Scissor kicks are an effective abdominal exercise. It is particularly useful because it can be modified to suit a beginner or expert exerciser and does not require any additional equipment. Before you try any new exercise, it is helpful to understand what muscles are being used and how to perform the exercise properly to avoid injury.
The primary muscles involved in scissor kicks are the hip flexors and the transverse abdominis, the deepest muscle in the stomach. The hip flexors work to lift and hold your legs slightly off the floor during the exercise. The transverse abdominis aids in maintaining your stability, posture and balance. It also pulls the abdominal wall inward, and with the help of the rectus abdominis and the obliques, it holds the abdomen flat. Because the transverse abdominis is involved in so many daily movements, it's beneficial to strengthen the muscle through exercise.
Other muscles involved in scissor kicks include the rectus abdominis and the obliques. The rectus abdominis muscle runs vertical in front of the torso and is more superficial than the transverse abdominis. The obliques are two different muscles known as the internal obliques and external obliques, and they are involved in rotation and lateral bending of the spine as well as movement and stability.
Performing scissor kicks with improper technique can put strain on your lower back. Begin by lying on a mat face-up. Before raising your legs off the floor, engage your core by imagining you are pulling your belly button in toward your spine and pressing your lower back flat on the mat. Keep your back pressed onto the mat throughout the exercise.

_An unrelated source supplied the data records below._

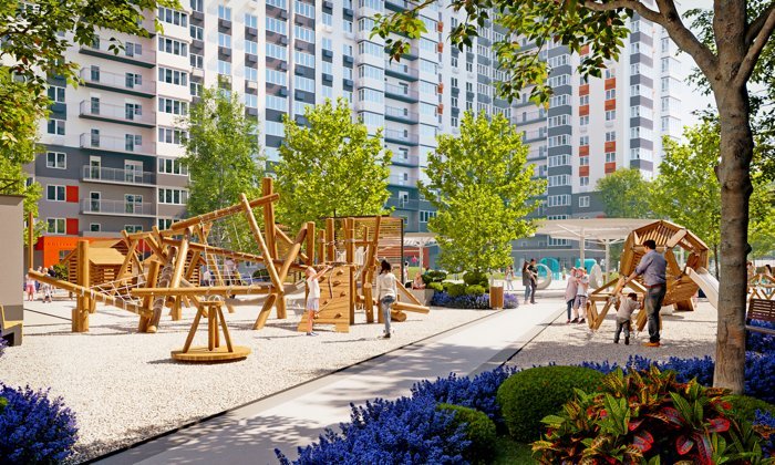 Данная общественная система имеет широкий спектр активности на открытом воздухе. Здесь есть пространство для развлечений и взрослых, и детей с учетом образа жизни. Двор закрыт от посторонних, на территории ведётся круглосуточное видеонаблюдение.
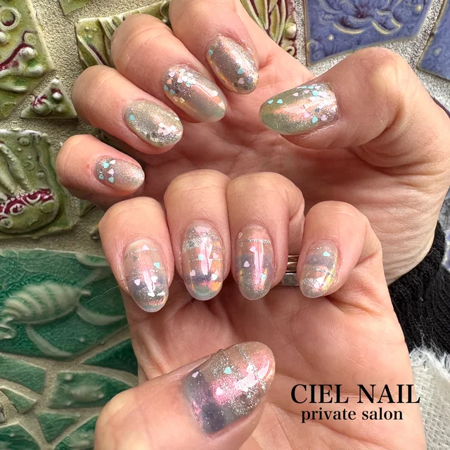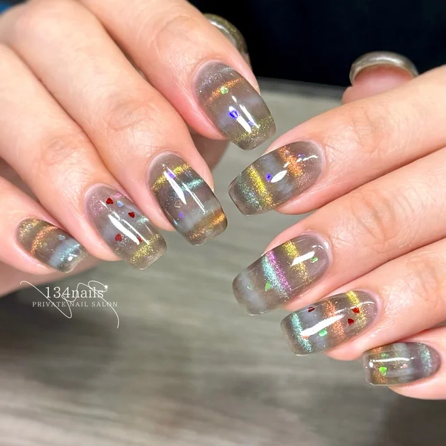 左右でカラーを変え、ホログラムを無造作に置けば、自然体な雰囲気でいっぱいに◎
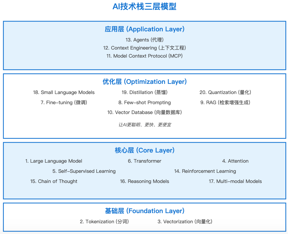 在深入每个概念之前,让我们先建立一个整体框架。这20个概念不是孤立的,而是构成了AI系统的完整技术栈。
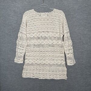 Express Tricot Handknitted Crochet Sweater Tunic – XS – 90s Vintage Boho Cream Open Knit
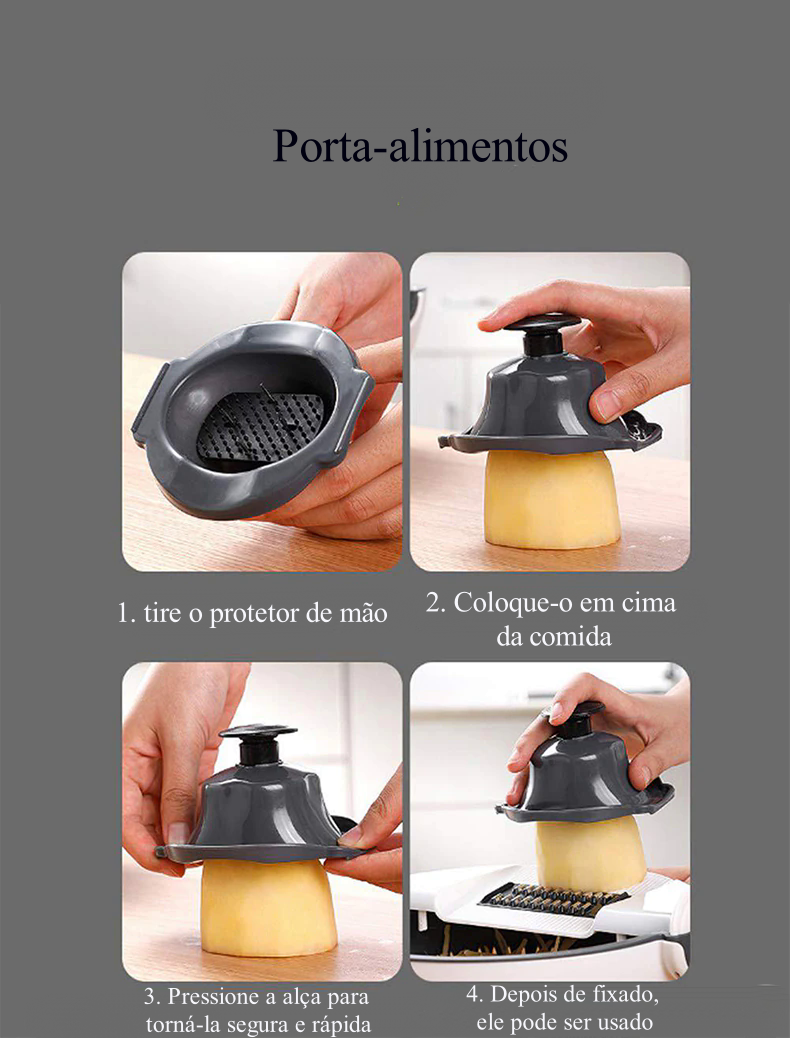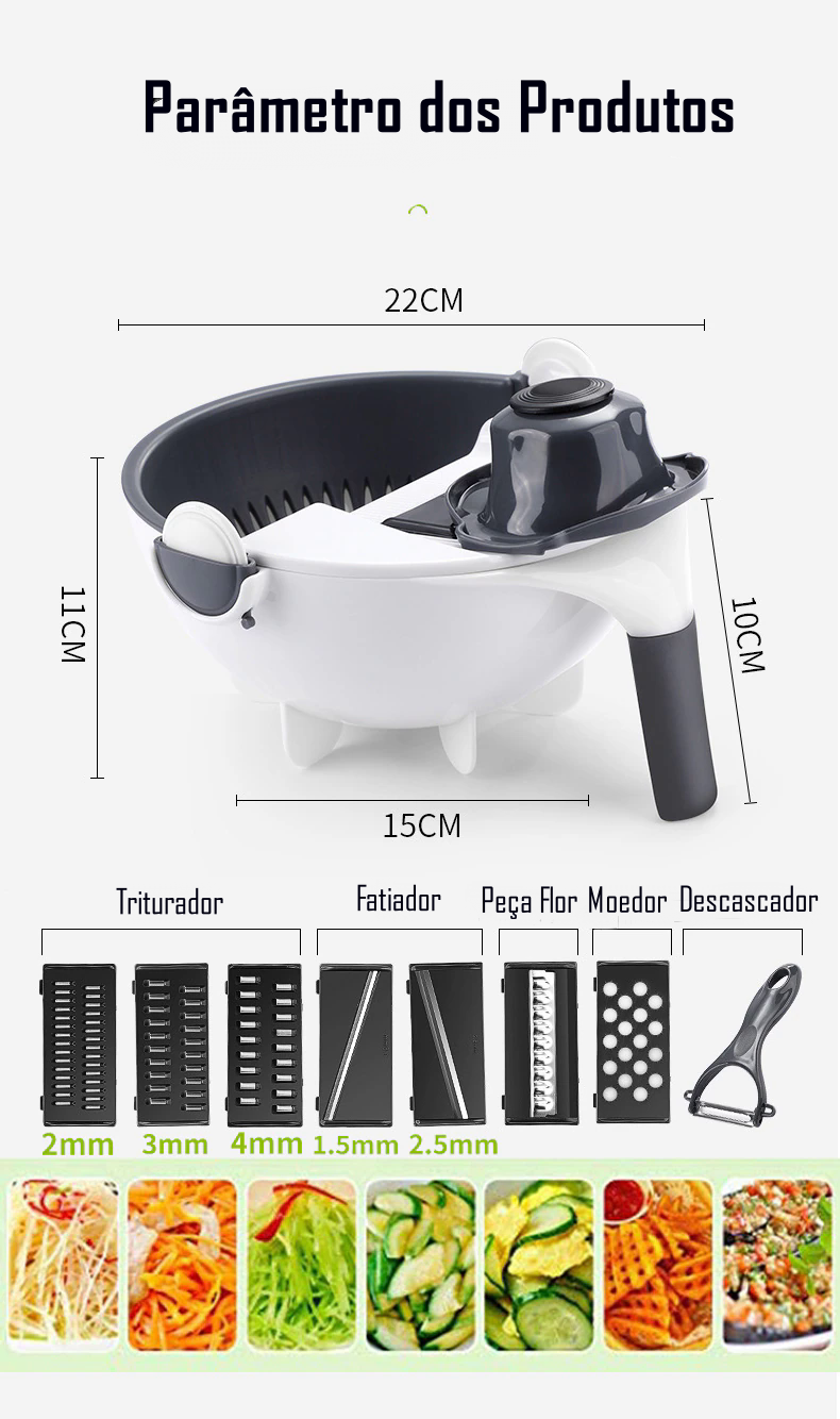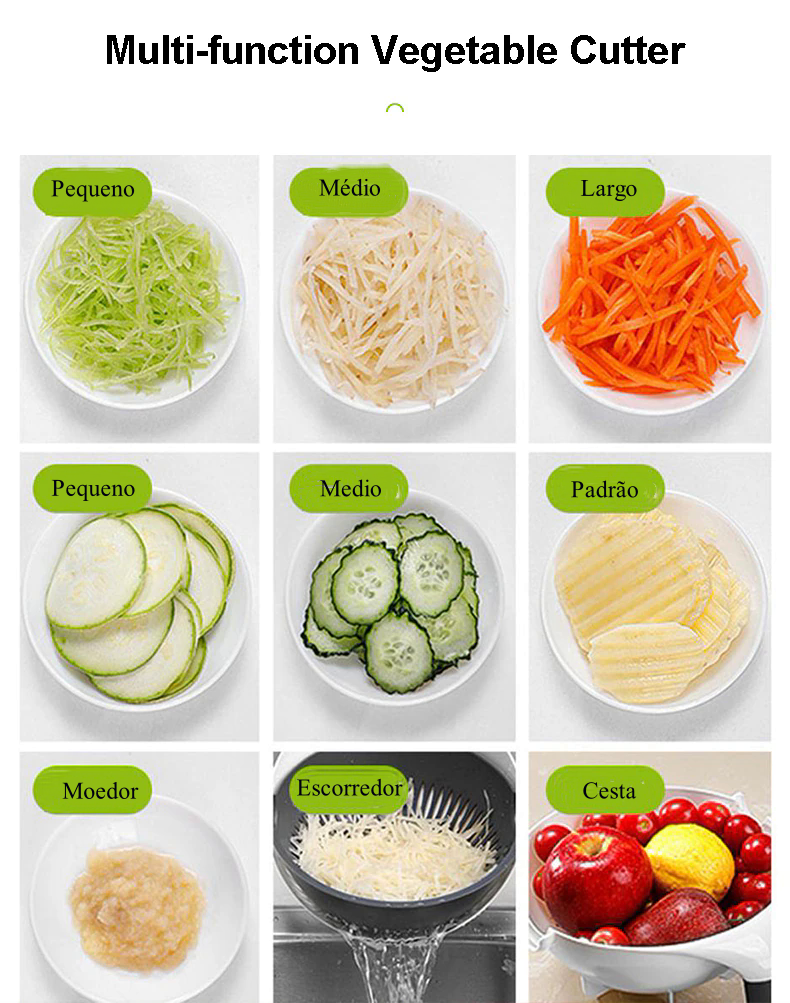 Estas lâminas podem cortar todos os tipos de Vegetais, queijo ralado, corte de batata e corte de frutas, até mesmo pode criar vegetais como pasta ou purê de batatas.
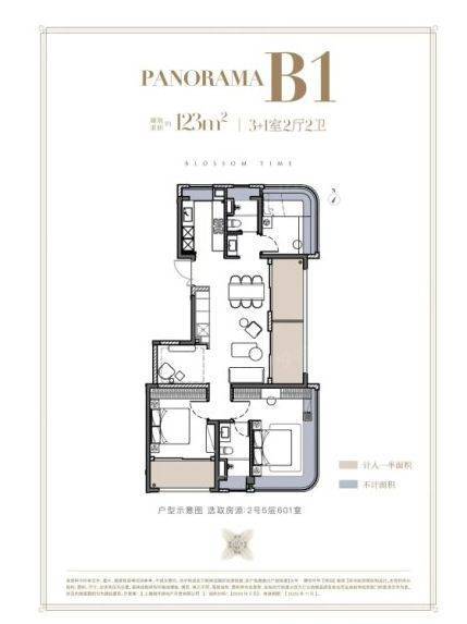 建面约123㎡(高层)三阳台和双270°转角,飘窗(实得率应该可以达到95%左右)

If you are a beginner, raise your legs to a 45-degree angle and keep your knees bent. The lower and straighter your legs are to the ground, the more challenging the exercise will be. Spread your legs out to the side, and then cross one leg over the other in the middle before bringing them back out to the starting position for one repetition. Repeat the movement.
Tips and Considerations
Other exercises that target your transverse abdominis include reverse crunches, seated trunk rotations and planks. It is also important consider muscle balance -- if you are working your abdominals, be sure to strengthen your back muscles as well. As with any strength training program, rest is essential. The American College of Sports Medicine advises that you wait 48 hours between strength-training sessions, in order to give your muscles the time they need to repair themselves and grow.